The turtles then start jogging down the sewer line with a sense of urgency.

Leo speaks up, "Wow…I've rarely seen master Splinter so…intense, guys!"

Mikey replies, "Yah, tell me about it, dude! He was even more intense than that time he caught Shredder selling baby clothes outside of that one abortion clinic, dudes!"

Donny thinks for a moment and says, "Guys, we only have a couple hours to find this thing. And I THINK I know where to start!"
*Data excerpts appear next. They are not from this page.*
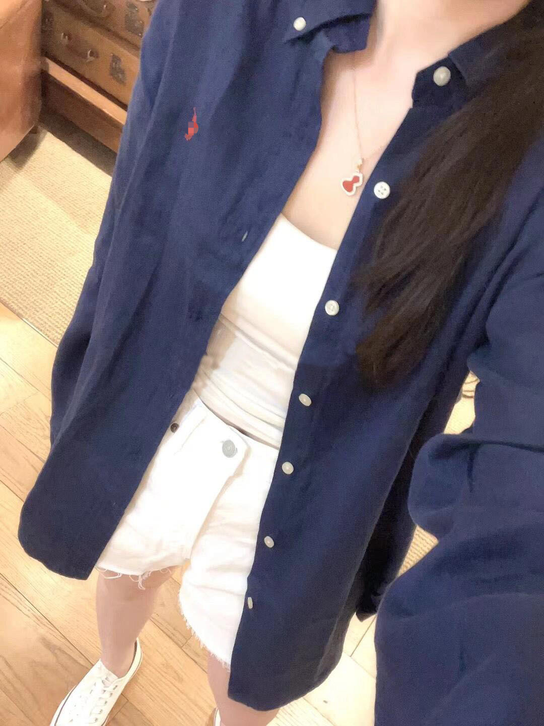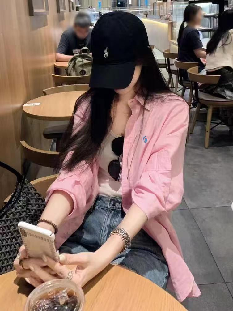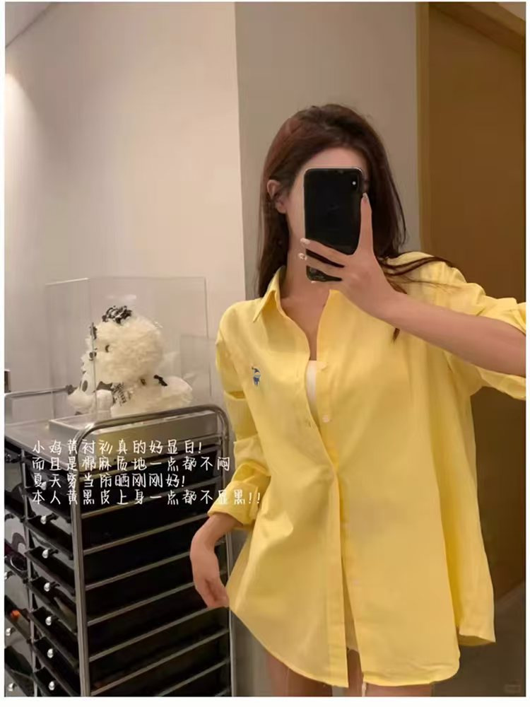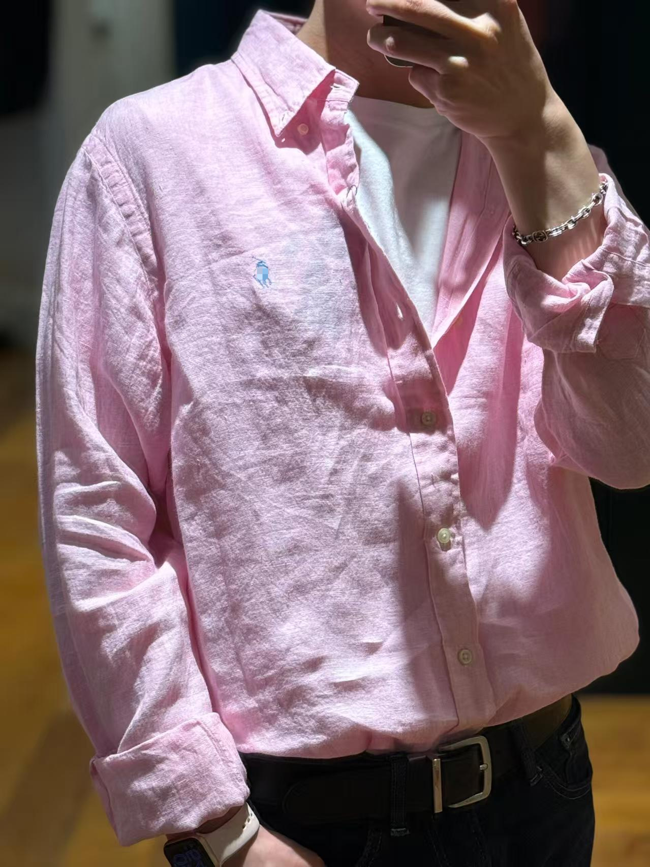 라프 포니 로고 자수 리넨 셔츠 탑, 버튼 POLO 칼라, 다용도 패셔너블 캐주얼 긴팔, 상큼한 스타일 여성용스토어 가기
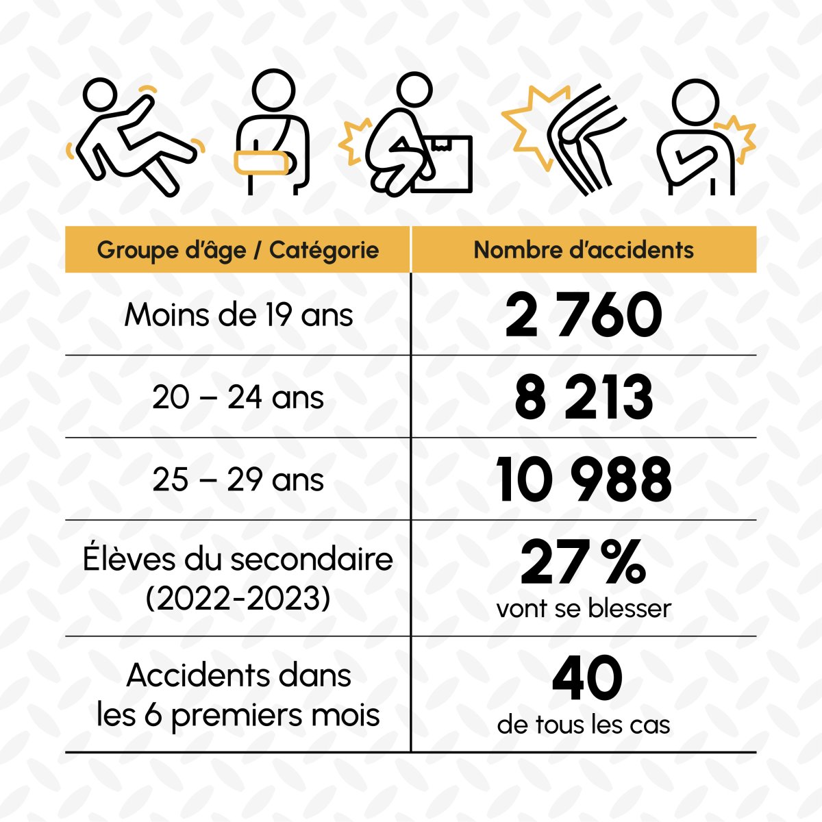 Lorsqu’on parle de la prévention chez les jeunes travailleurs, il faut aborder l’éléphant dans la pièce : ils sont très souvent victimes d’accidents du travail. En le disant simplement, les chiffres évoquent qu’environ 30 jeunes par jour se blessent au travail, selon l’Institut de la statistique du Québec. |
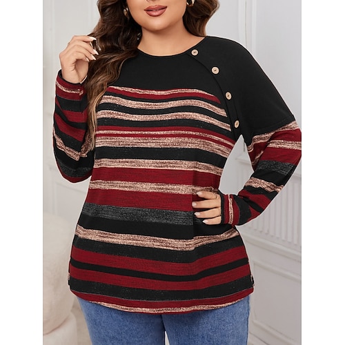 Per donna Taglia grossa Top Blusa A righe Bottoni Stampato Manica Lunga Girocollo Moda Streetwear Casual Quotidiano Weekend Fil di lana Primavera Autunno Nero

Raph asks, "Where then, boy genius?"

Don answers, "The city chemistry lab! C'mon, let's go!"

* * *

_**Yep, to be continued…**_


	3. Chapter 3

_A/N—We'd like to thank those who've been supporting this story in reading and reviewing—you are true gems! Ok, here we go again…_

* * *

_**The turtles are on their way to the city chemistry lab. They've put on their disguises and are walking down the main street. When suddenly, something grabs Mikey's attention…**_

_**.**_

"Whoa! Check THIS out!"

Donnie asks, "Check WHAT out?"

Mikey points to the bright white and pink neon lights that keep blinking on-and-off in the storefront window. "Guys, why do they have two big, white letter 'O'-s blinking with two, pink smaller ones inside of them?"

Leo turns and rolls his eyes, shaking his head. He says, "C'mon Mikey, we don't have TIME for that!"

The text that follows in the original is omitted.